Incidentally, the sensitivity and specificity are 75% and 96%, respectively. Make sure you understand how we arrived at these figures, and go back to the original definitions of sensitivity, specificity, and predictive value if necessary.
Notice that in the above example, 20% of patients overall were alcoholic. This seems a little high for a typical outpatient practice. Sure enough, these data are for inpatients, who probably have a higher rate of substance abuse than the typical outpatient. What if we had fewer alcoholic patients? Cutting the number of alcoholics in half gives you the following 2 x 2 table:
| Alcoholic | Not alcoholic | |
CAGE >= 2 |
44 | 15 |
CAGE < 2 |
14 | 386 |
Since the sensitivity and specificity are calculated using the columns, their values dont change when the overall likelihood of alcoholism changes. Dont take my word for it:
sensitivity = 75%
specificity = 96%
Note that these are the same values we got earlier. This is an important point, and one of the strengths of sensitivity and specificity:
"The sensitivity and specificity do not depend
on the prevalence or pre-test probability of disease"

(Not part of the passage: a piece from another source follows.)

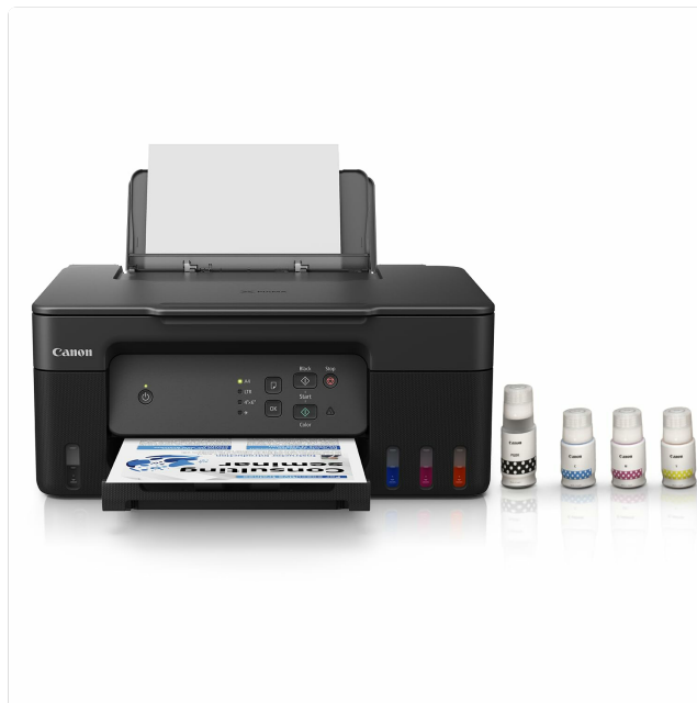
Figure 2: Printer with included ink bottles, ready for filling.

In other words, they are not affected by how common or rare the disease is! On the other hand, lets look at the predictive values in our new, "lower prevalence" population:
positive predictive value = 44/59 = 74%
negative predictive value = 386/400 = 97%
The values have changed! The positive predictive value dropped from 85% to 74%, while the negative predictive value went up from 93% to 97%. Thus:
"The predictive value varies with the pre-test probability of disease"
When I give a medical student lecture, I sometimes tell them that I'll kick the podium when I say something that will be on the test. Well, I'm now kicking the "virtual" podium! This is a significant limitation of using predictive values and/or post-test probabilities. Each pair of predictive values or post-test probabilities is associated with a single pre-test probability. Changing the pre-test probability changes the predictive value in non-linear ways (remember, we use the complicated, non-linear Bayes formula to calculate the post-test probability of disease). The same test result may therefore give you one post-test probability in the emergency room, and a different one in your office, if the pre-test probabilities differ.
Think again about the CAGE score. It can have a value of 0,1,2,3, or 4. Does a patient with a CAGE score of 4 have a greater probability of alcoholism than one with a score of 2? Using a single cutpoint lumps patients with scores of 2, 3, and 4 together. Similarly, do patients with a score of 0 have the same likelihood of alcoholism as ones with a score of 1? (The answer is a resounding "No!" to both questions )
Therefore, an important limitation of using a single cutpoint is that it results in a loss of information. In the next section we will learn about likelihood ratios, and how they overcome this and other limitations.